Kubernetes: A Game Changing Tool

Richard nadar
4 min readDec 30, 2020

What is Kubernetes?

Kubernetes, also known as K8s, is an open-source system for automating deployment, scaling, and management of containerized applications.

Kubernetes clusters can span hosts across on-premise, public, private, or hybrid clouds. For this reason, Kubernetes is an ideal platform for hosting cloud-native applications that require rapid scaling, like real-time data streaming through Apache Kafka.

How Industries are using Kubernetes:

Since its inception, Kubernetes has been a project that has enjoyed great recognition and has always had a lot of impact, but in recent months its influence has been consolidated based on different factors.

The community has grown considerably. Google and Red Hat are the biggest contributors, but there is also Meteor, CoreOS, Huawei, Mesosphere and many more.

In addition, Kubernetes is no longer perceived as something new to experiment with, it is gaining enough credit to be used more and more in production. In fact, by 2019, this platform was in production in 78% of the companies. One year earlier, in 2018, it was in 58%. Companies such as Tinder, Reddit, New York Times, Airbnb or Pinterest have integrated this technology into their services.

Companies are looking to develop applications, and containers and open source are becoming very important, as they realize that Kubernetes is the first step to create modern scalable applications.

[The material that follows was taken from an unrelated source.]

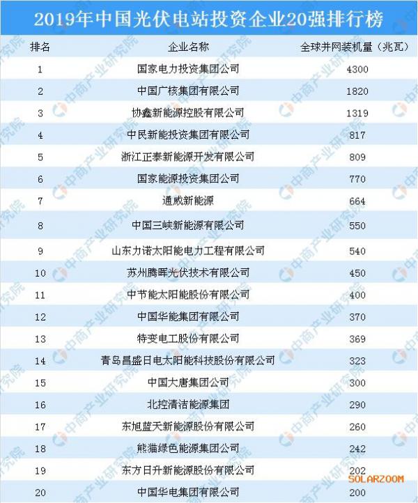 日前,由365光伏主办的“2019全球光伏20强排行榜发布会暨中国光伏企业全球市场发展论坛”在上海圆满举行。参会行业领军人物围绕着“平价上网”及“海外市场开拓”等话题进行交流探讨,为光伏行业发展建言献策。会议现场发布了“2019中国光伏电站投资企业20强排行榜”榜单。据榜单显示,国家电力投资集团公司、中国广核集团有限公司、协鑫新能源控股有限公司、中民新能投资集团有限公司、浙江正泰新能源开发有限公司、国家能源投资集团公司、通威新能源等20家企业进入榜单。其中,国家电力投资集团公司位居榜首。以下是榜单详情: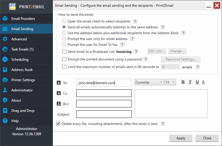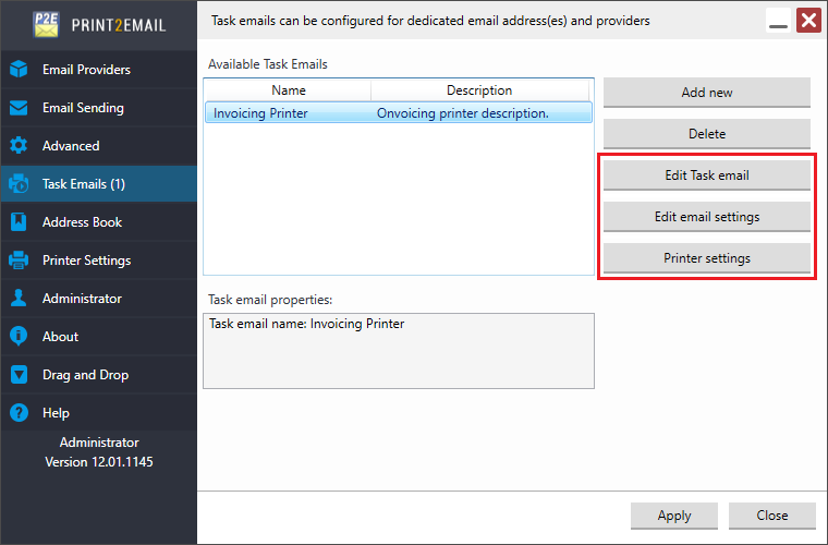 Task Emails allow the creation of new printers with predefined email settings based on the Print2Email printer. With Task Emails the user can create separate printers with pre-defined emails for routine tasks without having to repeat email configuration steps each time. The user can create as many Task Emails as necessary.

Kubernetes is a system that can be used to efficiently implement applications. As a result, it can help companies save money by using less labor to manage their IT infrastructure.

Kubernetes offers these capabilities to a business:

  • Multi-cloud flexibility: As more enterprises run on multi-cloud platforms, they benefit from Kubernetes, as it easily runs any application on any public cloud service or a combination of public and private clouds.
  • IT cost optimization: Kubernetes can help a company reduce infrastructure costs quite dramatically if it is operating on a large scale.
  • Improved scalability and availability: Kubernetes serves as a critical management system that can scale an application and its infrastructure whenever the workload increases, and reduce it as the load decreases.
  • Effective migration to the cloud: Kubernetes can handle re-hosting, re-platforming and refactoring. It offers a seamless route to effectively move an application from the facility to the cloud.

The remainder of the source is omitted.